I’ve had my share of these fantasies, but they have never changed my past or my present. In fact, trying to free ourselves from today’s burdens through dreams of a better past or of living someone else’s life can trap us in a cycle of anger, jealousy, guilt, and self-recrimination that distract us from changing what is or will be.
What might we do instead? I want to share two teachings with you this evening: letting go and choosing life. First, letting go. We can pay attention to the “if only” stories we habitually tell ourselves, looking to see whether any of them serve us. Then, we can consider letting go of those that are not helpful. That could mean facing the pain, the loss, the hardships that the stories are meant to take away, but chances are that they weren’t a cure anyway.
We turn to face what is painful in our lives not to make ourselves miserable but to acknowledge what is and to let go of the anger, judgment, and self-loathing we may have carried along with the fantasies of “what if.”
Here is how poet Alfred Huffstickler describes it:
… Let the pain be pain
Not in the hope it will vanish
But in the faith that it will fit in,
And be then not any less pain but true to form.
Because anything natural has an
inherent shape and will flow towards it.
And a life is as natural as a leaf.
That’s what we’re looking for:
not the end of a thing
but the shape of it.
Wisdom is seeing the shape of your life without
Obliterating, getting over, a
Single instant of it. *
Accepting the reality of the difficulties in our lives, we can then choose, if we wish, to seek acknowledgment and comfort for them. We can work with what is and what comes next.
Letting go of “what ifs” can help make room for the second teaching I want to share, choosing life.

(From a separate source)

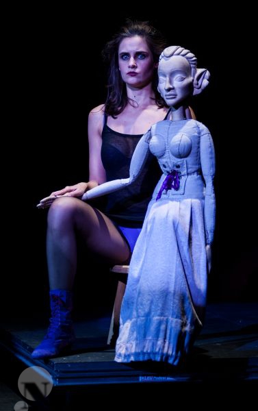 Ezt a dinamizmust, életteliséget az őket – és minket – körülvevő tárgyi környezet ellensúlyozza. A rendkívül kopár, jóformán csak csupasz fémszerkezetekből, szabadon lógó drótokból és műanyag ponyvákból álló díszlet elemi erővel jeleníti meg a darab sivár, sötét világát. A mindent betöltő feketeséget az itt-ott, egy-egy sarkot bevilágító színes fények törik meg, amelyek azonban sohasem tartanak sokáig – a sötétséget ugyanis a darab tanúsága szerint lehetetlen elűzni. Ennek egyetlen alakba sűrített jelképe az éjt alakító Nagy Mari, aki az előadás folyamán végig ott ül a nézők szeme előtt: figyel és vár, mozdulatlanul, mint kezdet és vég. Ez a kiiktathatatlan jelenlét összefogja az előadást, és az állandóság érzetét kelti, de nyugtalanító is: sohasem lehet tudni, az éj mikor szólal meg vagy tesz egy váratlan mozdulatot, hogy, saját természetét megcáfolva, beleavatkozzon a szereplők sorsába. Az általa viselt fehér hálóing sajnos némileg megtöri a szigorú, rideg összhatást – a figura így kissé talán túlságosan nagymamás jelleget ölt, amire a színésznő kifejezetten emberi, érzelmes játéka is ráerősít, ellentmondásos végeredményt hozva létre. Nagy Mari éje nem kérlelhetetlen, ősi erő, hanem, amint azt Martinovics Dorina Tündéjével való közös jelenete mutatja, az emberi lelket ismerő és vele együtt érző transzcendens lény. Szokatlan, de érdekes értelmezés ez, ha nem is lehet vele teljesen egyetérteni, és meglehetősen el is üt az előadás egészének koncepciójától: a minket körülvevő világ részvéttelenségétől.
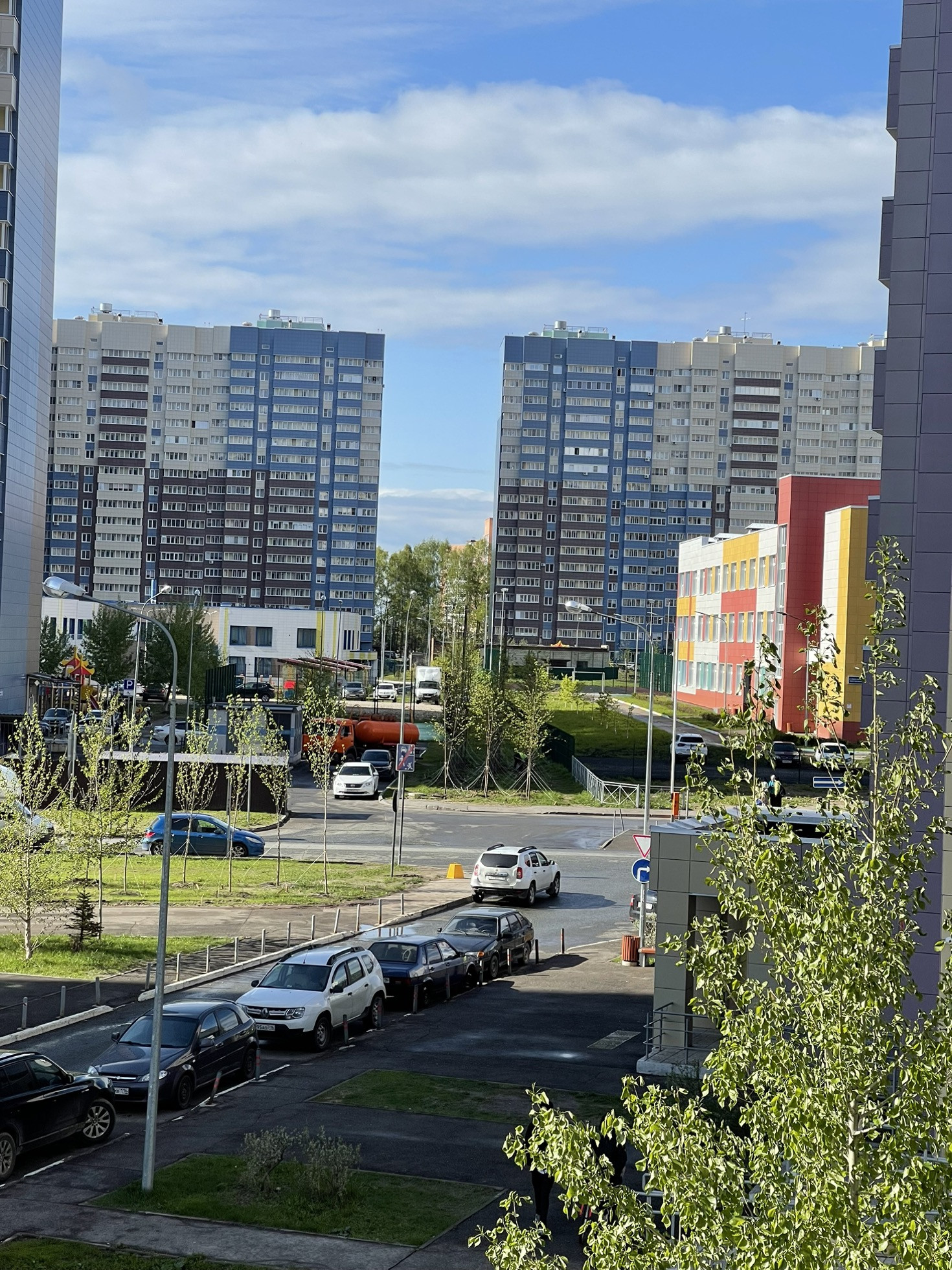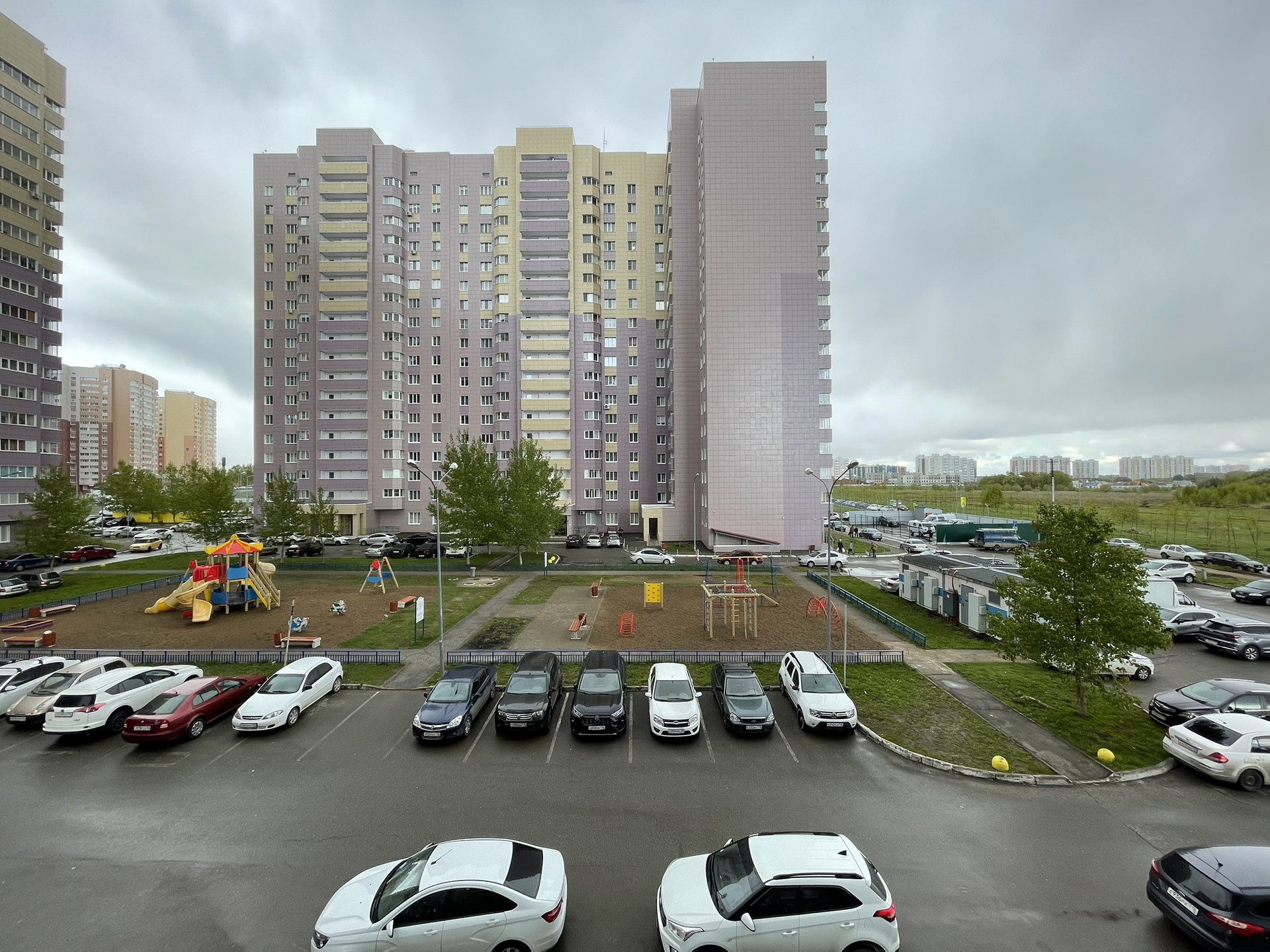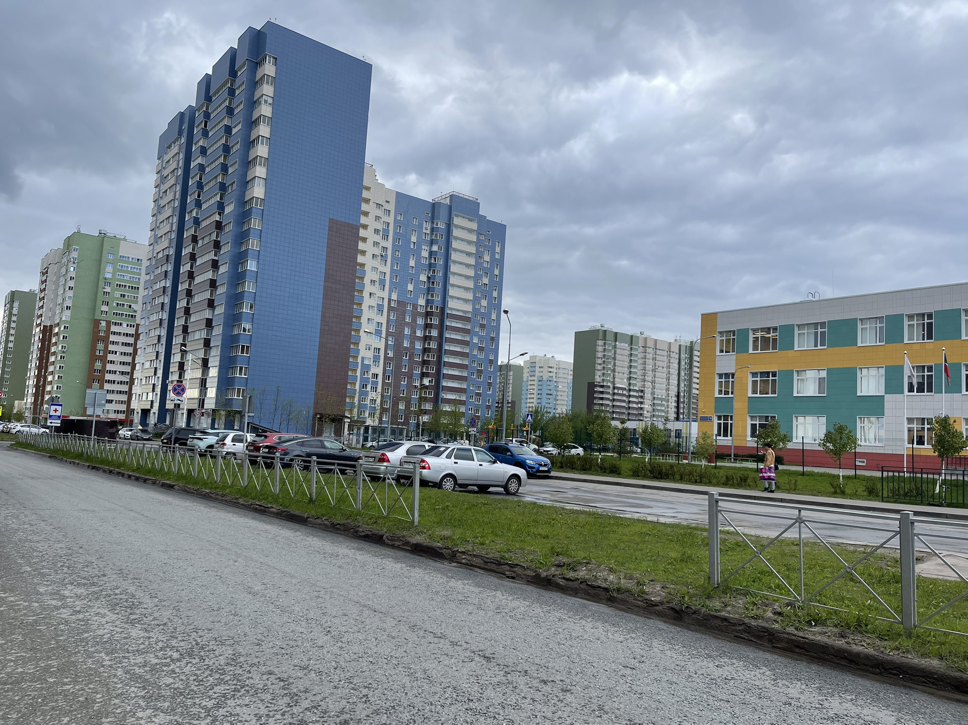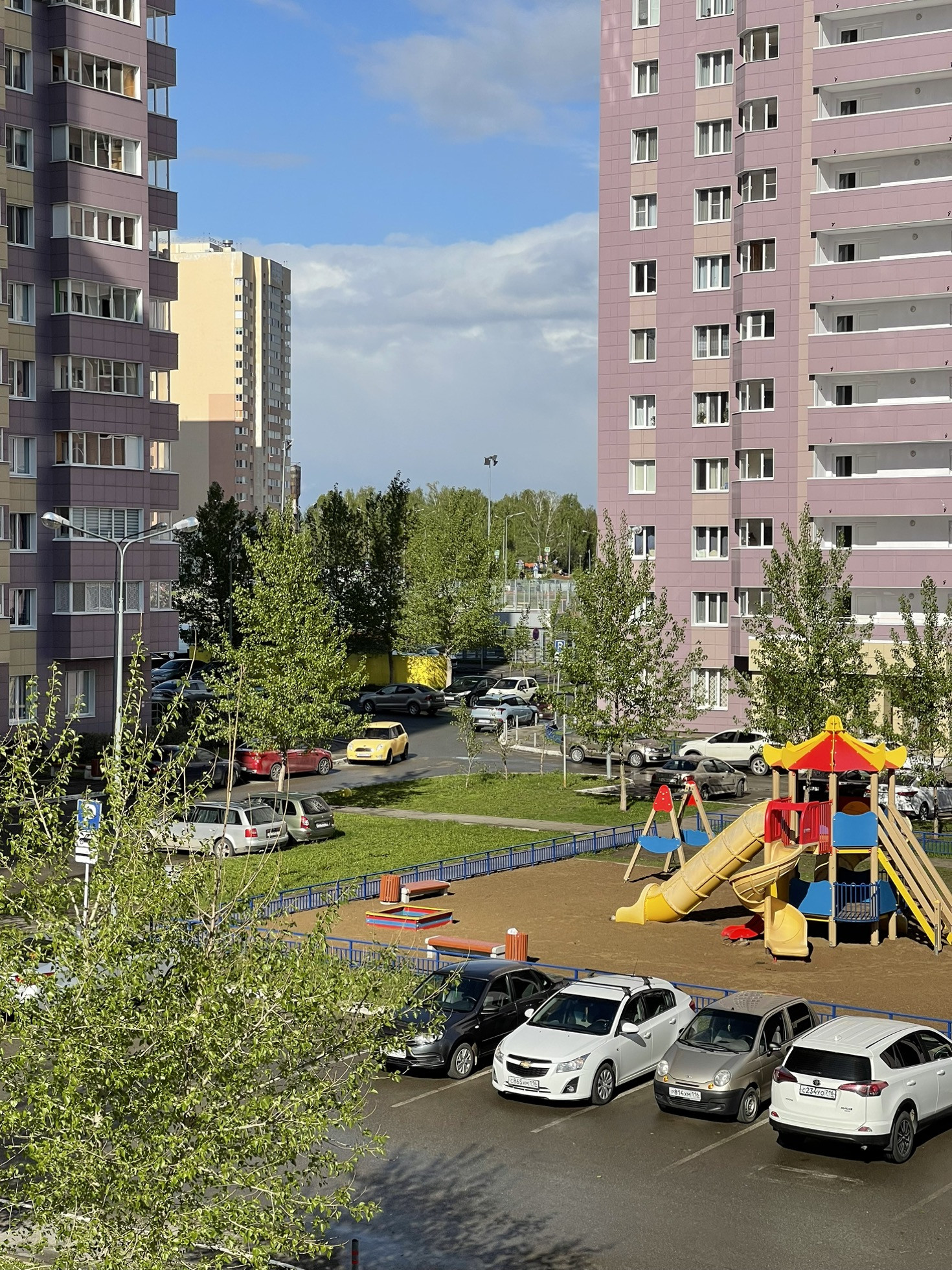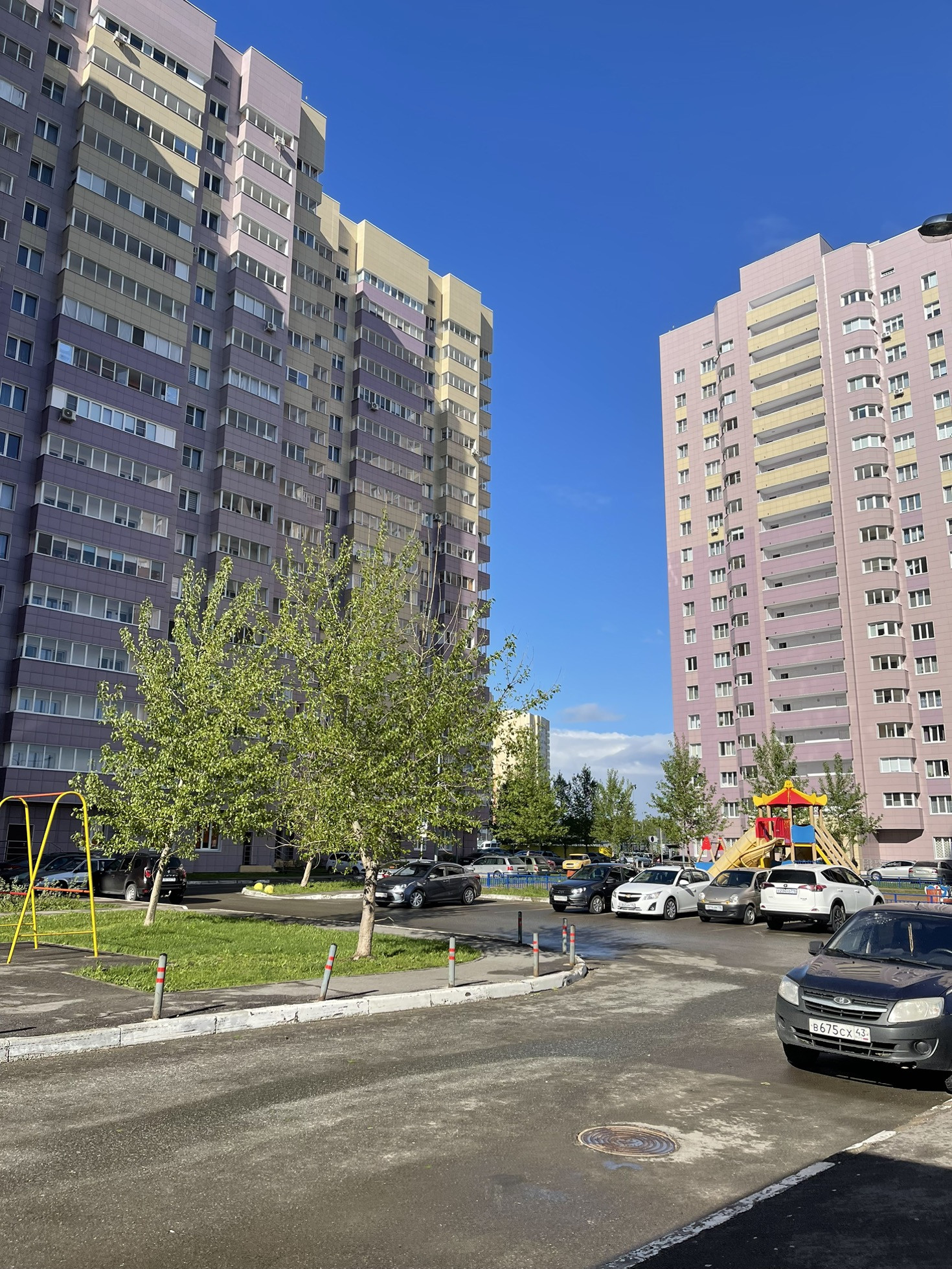 Территория чистая. Двор благоустроенный, не тупиковый. С парковкой проблем нет, со всех сторон дома имеется парковка для автомобилей. Поэтому всегда есть места хоть в любое время суток. Во дворе имеется детская и спортивная площадки.

I bet you’ve heard the Jewish way of offering a toast, “l’chaim,” “to life.” It’s so simple and familiar that I rarely think about it, but the words we read from the Torah on Yom Kippur morning bring it into focus. They describe how the Israelites, our spiritual ancestors, stood together at Mount Sinai a few months after fleeing slavery in Egypt to receive the teachings that would help them build a new community.
“You stand here, all of you, today, before the Holy One … heads of tribes, elders, officials, men, women, children, even the strangers within your camp, from those who chop wood to those who draw water … [and] I, [the Holy One] have put before you life and death … choose life, that you and those who come after you may live …” (Deuteronomy 29:9-10; 31:19)
Is our tradition telling us to decide whether to live or die? No, it is affirming that every choice we make matters. These choices range from how we treat our loved ones to how we spend money; from how we define success to the ways we respond when we see others being hurt, from how we choose our food to how we remind ourselves of our deepest values.
What do these decisions have to do with choosing life or death? Listen again to the end of that quote: “Choose life, that you and those who come after you may live …” Every choice our ancestors made, every choice we make, has an impact not only on us but on others and on our world. As Martin Luther King, Jr. said, “We are caught in an inescapable network of mutuality, tied in a single garment of destiny.” (Letter from a Birmingham Jail)
Letting go … of the “what if” stories we tell ourselves, of the hope that these stories will take away our pain, turning, instead, to find our place in the network of mutuality, to weave our lives, choice by choice, into that single garment of destiny.
Our ancestors stood together at Mount Sinai and heard the call. Today and tomorrow, we are here, together, to reflect on the stories we will let go of, the choices we will make so that when we say, "l’chaim," we will know what we mean and how each of us, in this New Year, will choose life.